Work instruction: When the line with "Ce grand cercle" turns up below, begin repeating exactly, and carry on through the line with "To lyslykter i"; no pictures go into the copy.

Data supplied:
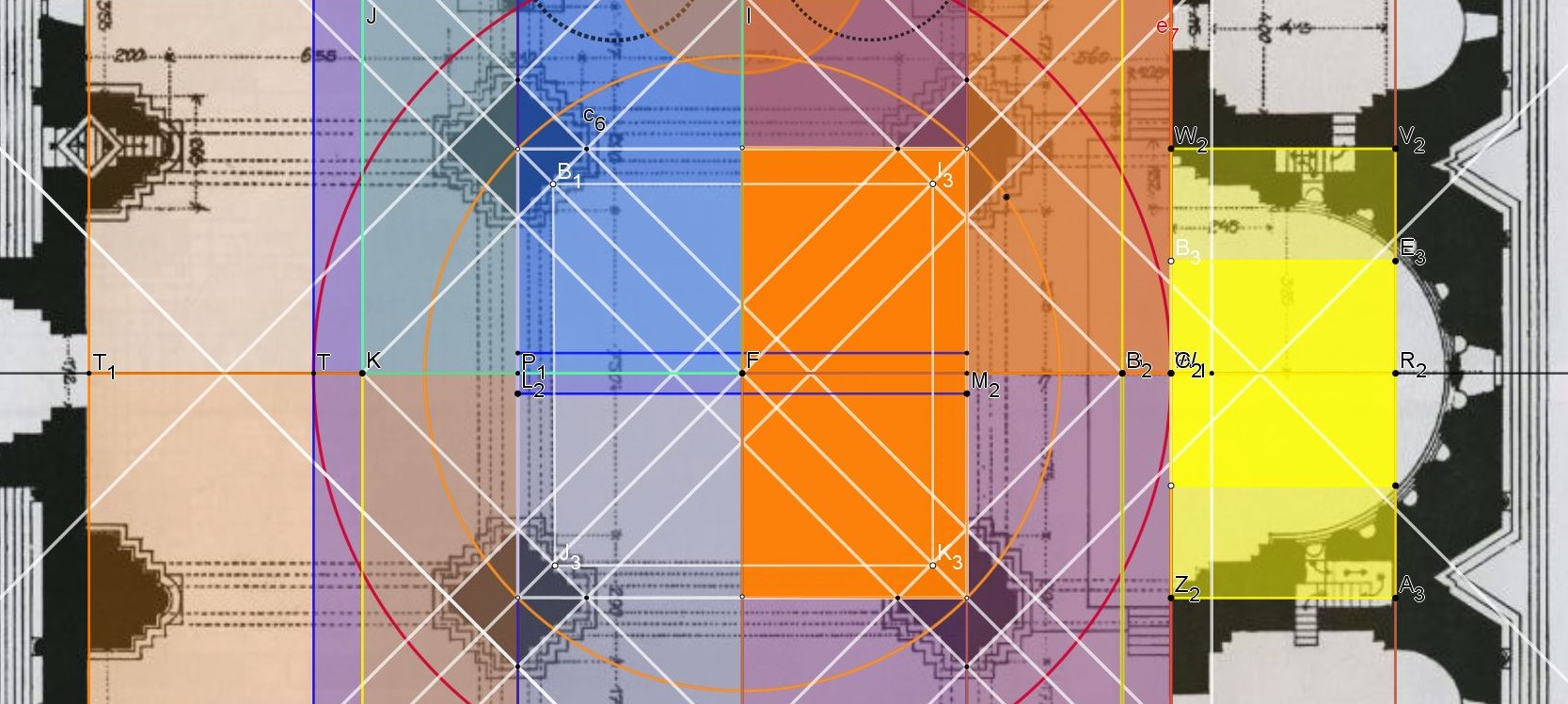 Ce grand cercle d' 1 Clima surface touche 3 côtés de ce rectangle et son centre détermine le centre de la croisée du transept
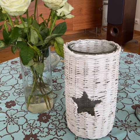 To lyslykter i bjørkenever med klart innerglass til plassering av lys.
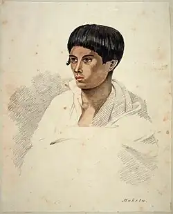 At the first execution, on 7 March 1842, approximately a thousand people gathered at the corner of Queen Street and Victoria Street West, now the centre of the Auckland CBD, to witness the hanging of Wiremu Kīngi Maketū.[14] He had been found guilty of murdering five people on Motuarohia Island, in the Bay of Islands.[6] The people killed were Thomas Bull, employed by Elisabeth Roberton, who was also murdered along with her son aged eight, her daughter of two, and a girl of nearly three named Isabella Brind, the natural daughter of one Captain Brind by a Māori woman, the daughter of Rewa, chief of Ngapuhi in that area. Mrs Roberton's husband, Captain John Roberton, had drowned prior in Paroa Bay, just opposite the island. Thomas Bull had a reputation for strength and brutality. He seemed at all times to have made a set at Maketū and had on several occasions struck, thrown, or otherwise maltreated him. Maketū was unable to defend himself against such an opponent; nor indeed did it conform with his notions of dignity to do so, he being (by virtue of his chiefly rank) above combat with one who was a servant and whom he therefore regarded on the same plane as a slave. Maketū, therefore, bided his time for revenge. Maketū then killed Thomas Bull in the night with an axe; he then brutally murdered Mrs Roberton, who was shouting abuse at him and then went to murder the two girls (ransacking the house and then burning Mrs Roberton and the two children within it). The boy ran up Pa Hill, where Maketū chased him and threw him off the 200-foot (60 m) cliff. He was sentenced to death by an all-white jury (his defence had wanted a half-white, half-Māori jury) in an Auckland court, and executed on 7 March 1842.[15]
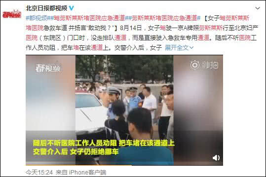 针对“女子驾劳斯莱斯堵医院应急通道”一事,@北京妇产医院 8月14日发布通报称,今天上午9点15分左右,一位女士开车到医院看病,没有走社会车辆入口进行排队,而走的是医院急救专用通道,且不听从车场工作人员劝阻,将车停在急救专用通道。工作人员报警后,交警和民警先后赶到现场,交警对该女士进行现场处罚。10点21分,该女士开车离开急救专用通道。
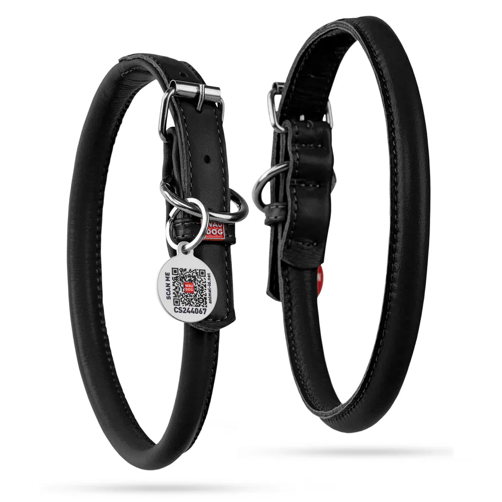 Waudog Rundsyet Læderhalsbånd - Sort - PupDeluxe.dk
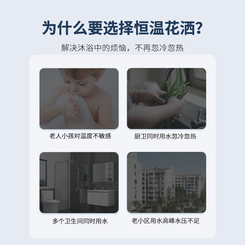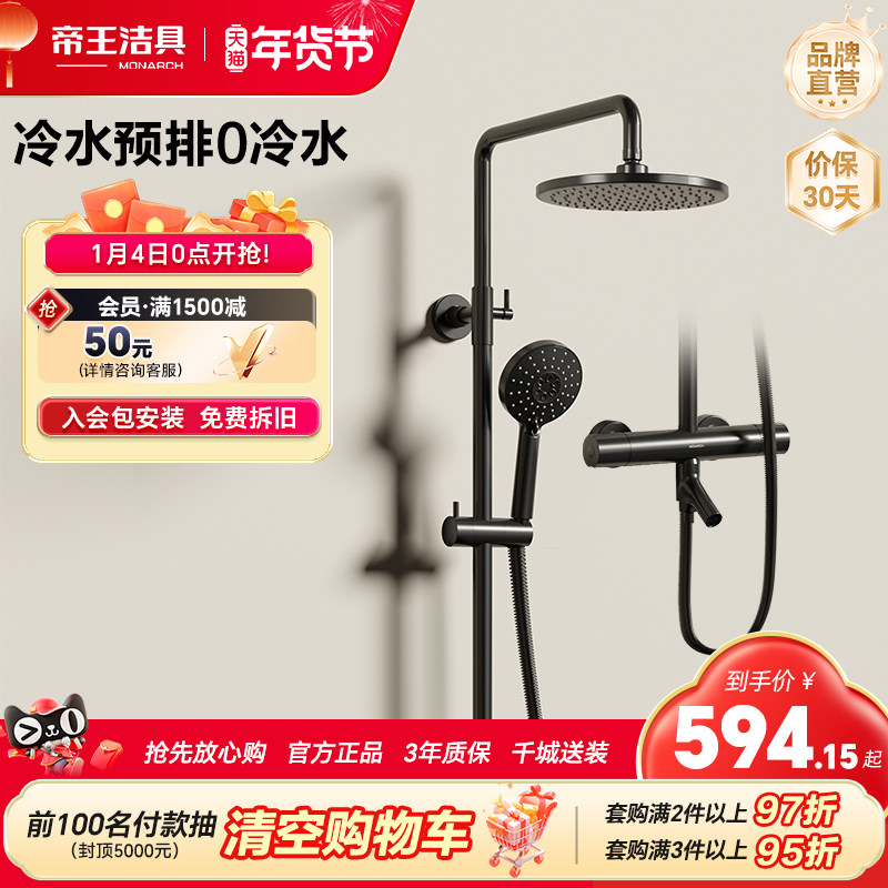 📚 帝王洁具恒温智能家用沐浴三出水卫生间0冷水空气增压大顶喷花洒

--

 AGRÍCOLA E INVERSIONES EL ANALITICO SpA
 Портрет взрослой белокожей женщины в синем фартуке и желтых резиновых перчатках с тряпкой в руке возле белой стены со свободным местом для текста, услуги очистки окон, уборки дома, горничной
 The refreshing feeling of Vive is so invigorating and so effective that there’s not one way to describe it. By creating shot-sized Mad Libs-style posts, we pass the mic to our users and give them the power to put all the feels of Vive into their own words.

Result of the task:
 Ce grand cercle d' 1 Clima surface touche 3 côtés de ce rectangle et son centre détermine le centre de la croisée du transept
 To lyslykter i bjørkenever med klart innerglass til plassering av lys.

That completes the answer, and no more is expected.